Retailers getting more sophisticated about their stores being media

October 15, 2007 by Dave Haynes

I just stumbled across a piece from Ad Age that has been out for a couple of weeks now and goes into great detail about the notion of retail as a medium.

I have since noticed a few fellow industry bloggers like Rob Gorrie have done some hits about it, but thought I would nonetheless point people to it in case it also whizzed right by them.

What I found interesting was the tail end of the piece, which goes into how stores are starting to figure out that letting in some third-party entrepreneur to hang screens and sell ads on them may not be the way to go.

Retailers are getting increasingly sophisticated about transforming the store-as-medium into a business, the (Deloitte Consuilting) report notes, as the industry shifts from manufacturer-initiated offers to retailer-initiated ones.

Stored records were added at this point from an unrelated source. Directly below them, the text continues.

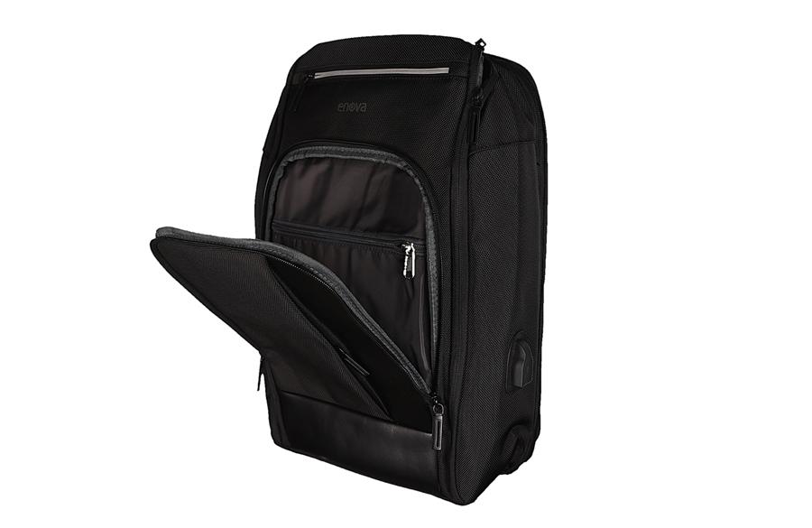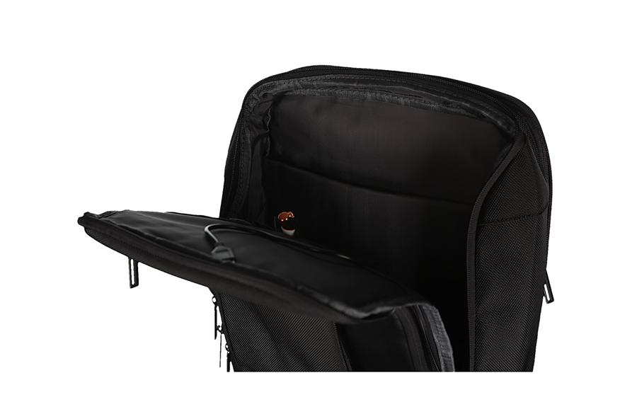 Ranac je sa specifičnim odeljkom za laptop do 15,6″ (35,5x26x3cm) kao i sa pregradom za tablet i unutrašnjim džepom za nošenje dokumenata. Veliki glavni džep sa unutrašnjim organizatorom za čuvanje 2 olovke, mobilnog telefona i manjih sitnica, uz poseban veliki džep za tablet i integrisan USB port. U prednja 3 džepa možete smestiti sve Vaše sitnice da Vam uvek budu na dohvat ruke. Bočni džep je idealan da imate flašicu vode uvek uz Vas. Ojačana leđa sa širokim i ergonomskim kaiševima koje se savršeno prilagođavaju leđima kako bi pružile najveću udobnost. Mogućnost prilagođavanja koferu.
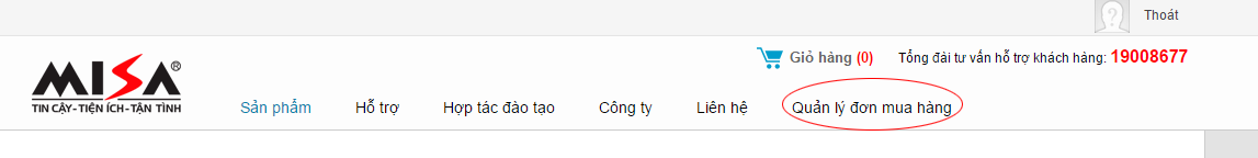 Các thông tin đơn hàng đã đặt mua trên website misa.com.vn sẽ được lưu lịch sử tại đường dẫn
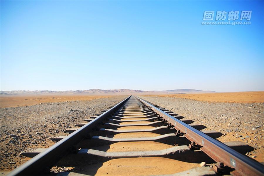胡杨都无法生存的地方,有一群筑梦人。茫茫大漠,除了一望无际的荒凉,常年与大漠为伴的是一条连接酒泉卫星发射中心与外界联系的铁路,以及常年驻守在铁路沿线旁的官兵,这条铁路也是我国目前唯一的一条军管铁路。在通往中国酒泉卫星发射中心的公路未通车前,铁路是到达发射中心的唯一途径。叶旺明 张晓辉 刘辉产 亓创 摄 图片来源:国防部网
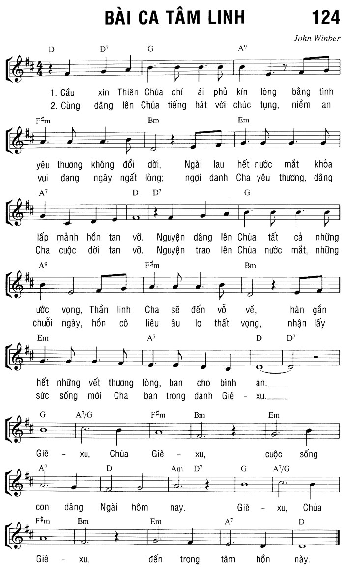 1. Cầu xin Thiên Chúa chí ái phủ kín lòng bằng tình yêu thương không đổi đời, Ngài lau hết nước mắt khỏa lấp mảnh hồn tan vỡ. Nguyện dâng lên Chúa tất cả những ước vọng, Thần linh Cha sẽ đến vỗ về, hàn gắn hết những vết thương lòng, ban cho bình an. 2. Cùng dâng lên Chúa tiếng hát với chúc tụng, niềm an vui đang ngây ngất lòng; ngợi danh Cha yêu thương, dâng Cha cuộc đời tan vỡ. Nguyện trao lên Chúa nước mắt, những chuỗi ngày, hồn cô liêu âu lo thất vọng, nhận lấy sức sống mới Cha ban trong danh Giê-xu. Điệp khúc: Chúa Giê-xu, cuộc sống con dâng Ngài hôm nay. Giê-xu, Chúa Giê-xu, đến trong tâm hồn này.
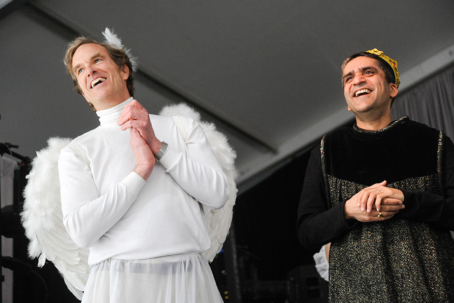 The festival is not simply a collection of individual works, but rather a collaborative effort tying Harvard groups to the broader community. A free and open event, the arts festival brought together performers in drag from Hasty Pudding Theatricals, musicians from the River Charles Ensemble, dancers from the Harvard Ballet Company, and faculty guest stars like Eck, College Dean Rakesh Khurana, Dean of Freshmen Tom Dingman, and Steven Pinker, the Johnstone Family Professor of Psychology.

The report cites the Meijer Mass Marketing program from the Midwest-based supermarket chain, which offers several in-store media and tactics to manufacturers.

Profit margins on such programs are likely to be considerably higher than the low-single-digit net margins common in retailers’ core business of selling merchandise to consumers.

The days of grabbing the best land, in exchange for simple revenue shares, are evidently ending.

UPDATE: Bill Gerba has written about the report and when you hit this link it auto-plays a video from a presentation at the recent In-Store Marketing Institute that spawned the Ad Age piece.